Practice Writing Until You’re Better than AI

This is a note for college and high school students about writing well. I want to begin with the bad news: AI is better at writing than you are. But the skill threshold is pretty low, because AI has enormous shortcomings that it will never overcome. Therefore my thesis in what follows is that you need to practice writing just long enough that you are better than AI. This is the only way to guarantee that you’re a better writer than any idiot you find off the street.

Let’s start with a simple writer development curve, which I designed:


That purple line is how good AI is at writing, and it really isn’t bad. AI sentences make sense. AI provides clear examples to illustrate ideas. It grabs information from all over the place (we’ll just assume for the sake of argument that the information is accurate and fair). In my experience teaching writing at the college and graduate school level, AI writes competently at around a 10th grade level.

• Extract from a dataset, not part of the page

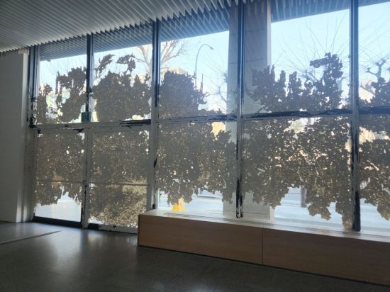 최선아(27)의 '진지바'(2026)는 14m에 달하는 로비 유리 공간에 스컬피(점토)를 붙인 작품이다. 점토 자체의 점성을 활용해 작가가 3주에 걸쳐 손으로 하나하나 눌러 완성했다. 특별한 상징이나 명확한 의미를 전면에 내세우기보다는, 시간대에 따라 햇빛과 만들어내는 서로 다른 표면의 변화가 색다른 아름다움으로 시선을 끈다.

Because AI is freely available in every internet search engine, this means that anybody who can speak into a phone can write as well as AI. A three-year old who can hold down the RECORD button on a phone or tablet can produce a 500-word essay on the celestial planet Venus. Which means that any adult with the intelligence of a three-year-old can write as well as AI.

The big problem here, if you aren’t catching on, is that everybody between the intellectual ages of 3 and 16 can write at the same level. That competition is enormous. There is nothing extraordinary anymore about being a ten-year-old who writes at a 10th grade level, for instance. And all college students can at least write like a competent 16-year-old, provided they use AI.

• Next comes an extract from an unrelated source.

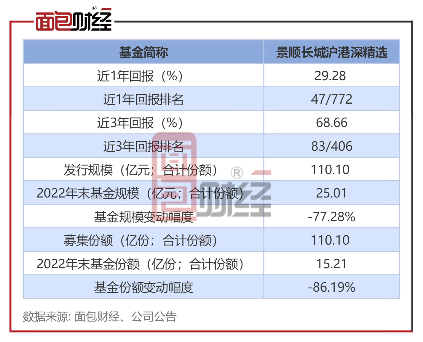 景顺长城沪港深精选的发行规模约110.10亿元(对应募集份额约110.10亿份)。2022年四季度末,该基金的基金资产净值约为25.01亿元、基金份额总额约为15.21亿份,分别下降约77.28%、86.19%。

And when I read essays written by students, one out of ten is nearly illegible: it just doesn’t make sense. 

Why AI Writing is Poor

There are two main problems with AI writing, even though it’s better than all that writing that doesn’t make sense. 1) AI Presents a view from nowhere and 2) AI cannot synthesize information.

AI has a View from NoWhere

You are a human being with a physical body and a culture into which you were born. This means that you have eyes and ears and a nose that can gather information and make observations. These observations belong to you. They are situated in your eyeballs and fingertips and so on. You encounter the world, and this encounter includes an experience. You’re not bumping up against water vapor molecules on a hot and humid day; you’re feeling weather that is (perhaps) heavy and oppressive. It makes a three-mile walk less appealing than it might be on a brisk fall morning.

When you describe your experience, other human beings connect with you by experiencing the same. That’s how we understand stuff like temperature and humidity: we imagine what it's like through your description of it.

AI can’t do this because it doesn’t have a body. It combines 1,000 such descriptions to create a sort of average description that loses its personal quality.

Your perspective has this personal quality, because you are a person. Your writing comes from a perspective—your perspective. I’ll write more on this later.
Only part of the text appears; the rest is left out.